Notice that we set the header and value in jsonData and secureJsonData, respectively. This ensures that datasource will send the header with every request to CEEMS LB and then LB will redirect the query request to correct backend. This allows a single instance of CEEMS to load balance across different clusters.

Using query label

If for any reason, the above strategy does not work for a given deployment, it is also possible to identify target clusters using query labels. However, for this strategy to work, it is needed to inject labels to Prometheus metrics. For example in the above case, using static_config we can set a custom label as follows:

- job_name: ceems                        
static_configs:
- targets:
- compute-0:9100
labels:
ceems_id: slurm-0

CEEMS LB will read value of ceems_id label and then redirects the query to the appropriate backend.

IMPORTANT

If both custom header and label ceems_id are present in the request to CEEMS LB, the query label will take the precedence.

Similarly for setting up this label on profiling data in Pyroscope, it is necessary to use external_labels config parameter for Grafana Alloy when exporting profiles to Pyroscope server. A sample config for Grafana Alloy that pushes profiling data can be as follows:

pyroscope.write "monitoring" {
endpoint {
url = "http://pyroscope:4040"
}

external_labels = {
"ceems_id" = "slurm-0",
}
}

CEEMS API Server Configuration

This is an optional config when provided will enforce access control for the backend TSDBs. A sample config file is given below:

ceems_api_server:
web:
url: http://localhost:9020
  • web.url: Address at which CEEMS API server is running.

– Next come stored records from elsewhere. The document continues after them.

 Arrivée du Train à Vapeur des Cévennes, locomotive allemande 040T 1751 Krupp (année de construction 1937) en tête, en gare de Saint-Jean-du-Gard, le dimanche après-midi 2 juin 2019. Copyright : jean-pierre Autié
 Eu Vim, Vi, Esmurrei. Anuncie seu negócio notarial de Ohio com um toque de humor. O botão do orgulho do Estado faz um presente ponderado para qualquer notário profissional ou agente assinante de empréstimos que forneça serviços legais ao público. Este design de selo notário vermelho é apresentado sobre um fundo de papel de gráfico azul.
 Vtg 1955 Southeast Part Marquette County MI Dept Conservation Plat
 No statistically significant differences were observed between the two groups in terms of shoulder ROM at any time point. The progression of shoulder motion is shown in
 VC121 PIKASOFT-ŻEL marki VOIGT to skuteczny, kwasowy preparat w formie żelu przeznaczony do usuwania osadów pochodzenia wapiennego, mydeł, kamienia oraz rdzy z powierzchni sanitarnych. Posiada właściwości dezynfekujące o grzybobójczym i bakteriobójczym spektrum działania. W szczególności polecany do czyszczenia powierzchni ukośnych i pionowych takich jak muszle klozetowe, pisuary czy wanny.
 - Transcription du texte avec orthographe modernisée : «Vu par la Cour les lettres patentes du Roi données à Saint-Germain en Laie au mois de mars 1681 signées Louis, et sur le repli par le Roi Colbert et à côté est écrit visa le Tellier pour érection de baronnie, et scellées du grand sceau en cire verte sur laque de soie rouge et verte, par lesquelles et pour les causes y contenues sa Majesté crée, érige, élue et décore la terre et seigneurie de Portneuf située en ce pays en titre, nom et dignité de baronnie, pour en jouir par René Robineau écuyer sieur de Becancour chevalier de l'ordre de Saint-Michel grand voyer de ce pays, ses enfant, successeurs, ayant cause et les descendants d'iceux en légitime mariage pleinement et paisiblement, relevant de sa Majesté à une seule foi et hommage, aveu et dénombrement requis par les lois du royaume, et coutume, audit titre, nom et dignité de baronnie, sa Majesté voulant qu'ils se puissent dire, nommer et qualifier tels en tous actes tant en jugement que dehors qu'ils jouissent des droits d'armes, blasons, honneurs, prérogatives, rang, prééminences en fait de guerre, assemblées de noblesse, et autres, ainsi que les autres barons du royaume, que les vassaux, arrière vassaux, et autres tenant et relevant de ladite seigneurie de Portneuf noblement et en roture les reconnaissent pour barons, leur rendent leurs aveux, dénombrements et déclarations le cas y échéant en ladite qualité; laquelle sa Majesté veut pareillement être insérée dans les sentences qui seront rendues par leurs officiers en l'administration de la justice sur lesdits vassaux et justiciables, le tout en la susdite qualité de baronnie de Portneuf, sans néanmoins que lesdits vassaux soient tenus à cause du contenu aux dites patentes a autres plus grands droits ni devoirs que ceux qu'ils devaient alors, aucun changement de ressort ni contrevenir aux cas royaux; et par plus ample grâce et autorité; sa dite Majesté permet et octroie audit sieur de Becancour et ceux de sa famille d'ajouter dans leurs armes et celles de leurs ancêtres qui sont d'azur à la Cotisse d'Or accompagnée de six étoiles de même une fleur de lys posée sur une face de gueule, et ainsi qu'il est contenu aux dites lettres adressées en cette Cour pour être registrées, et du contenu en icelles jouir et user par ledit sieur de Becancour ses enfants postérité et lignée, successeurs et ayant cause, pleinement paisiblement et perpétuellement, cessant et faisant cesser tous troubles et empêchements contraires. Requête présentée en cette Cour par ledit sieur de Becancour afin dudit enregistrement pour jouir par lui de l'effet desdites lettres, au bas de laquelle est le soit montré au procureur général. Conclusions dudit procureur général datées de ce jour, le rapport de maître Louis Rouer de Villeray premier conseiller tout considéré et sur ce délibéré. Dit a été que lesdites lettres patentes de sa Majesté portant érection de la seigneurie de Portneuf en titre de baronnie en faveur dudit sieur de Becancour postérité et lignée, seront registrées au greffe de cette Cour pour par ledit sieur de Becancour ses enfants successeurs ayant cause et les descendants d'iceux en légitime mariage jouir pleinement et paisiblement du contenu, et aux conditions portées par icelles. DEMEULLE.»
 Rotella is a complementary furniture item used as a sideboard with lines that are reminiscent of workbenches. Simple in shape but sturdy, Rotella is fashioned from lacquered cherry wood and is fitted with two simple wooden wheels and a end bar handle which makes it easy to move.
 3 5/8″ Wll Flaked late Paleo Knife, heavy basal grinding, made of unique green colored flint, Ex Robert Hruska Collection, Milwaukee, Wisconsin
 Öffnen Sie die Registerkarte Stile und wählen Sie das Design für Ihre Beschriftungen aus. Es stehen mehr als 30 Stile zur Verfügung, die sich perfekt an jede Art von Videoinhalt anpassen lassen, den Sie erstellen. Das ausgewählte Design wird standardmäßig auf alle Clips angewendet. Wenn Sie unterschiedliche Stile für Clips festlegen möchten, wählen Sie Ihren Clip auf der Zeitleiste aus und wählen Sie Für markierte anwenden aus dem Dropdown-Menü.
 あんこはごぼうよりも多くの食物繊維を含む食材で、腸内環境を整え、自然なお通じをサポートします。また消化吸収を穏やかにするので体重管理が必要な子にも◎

CEEMS LB will make a request to CEEMS API request to verify the ownership of the comput unit before proxying request to TSDB. All the possible configuration parameters for web can be found in Web Client Configuration Reference.

If both CEEMS API server and CEEMS LB has access to CEEMS data path, it is possible to use the ceems_api_server.db.path as well to query the DB directly instead of making an API request. This will have much lower latency and higher performance.

Clusters Configuration

Same configuration as discussed in CEEMS API Server's Cluster Configuration can be provided as an optional configuration to verify the backends configuration. This is not mandatory and if not provided, CEEMS LB will verify the backend ids by making an API request to CEEMS API server.

Example configuration files

As it is clear from above sections, there is a lot of common configuration between CEEMS API server and CEEMS LB. Thus, when it is possible, it is advised to merge two configurations in one file.

Taking one of the examples in CEEMS API server section, we can add CEEMS LB config as follows:

ceems_api_server:
data:
path: /var/lib/ceems
update_interval: 15m

admin:
users:
- adm1

web:
url: http://localhost:9020
requests_limit: 30

clusters:
- id: slurm-0
manager: slurm
updaters:
- tsdb-0
cli:
<omitted for brevity>

- id: os-0
manager: openstack
updaters:
- tsdb-1
web:
<omitted for brevity>

updaters:
- id: tsdb-0
updater: tsdb
web:
url: http://tsdb-0
extra_config:
<omitted for brevity>

- id: tsdb-1
updater: tsdb
web:
url: http://tsdb-1
extra_config:
<omitted for brevity>

ceems_lb:
strategy: resource-based
backends:
- id: slurm-0
tsdb_urls:
- http://tsdb-0
- http://tsdb-0-replica

- id: os-0
tsdb_urls:
- http://tsdb-1
- http://tsdb-1-replica

This config assumes tsdb-0 is replicating data to tsdb-0-replica, tsdb-1 to tsbd-1-replica and CEEMS API server is running on port 9020 on the same host as CEEMS LB.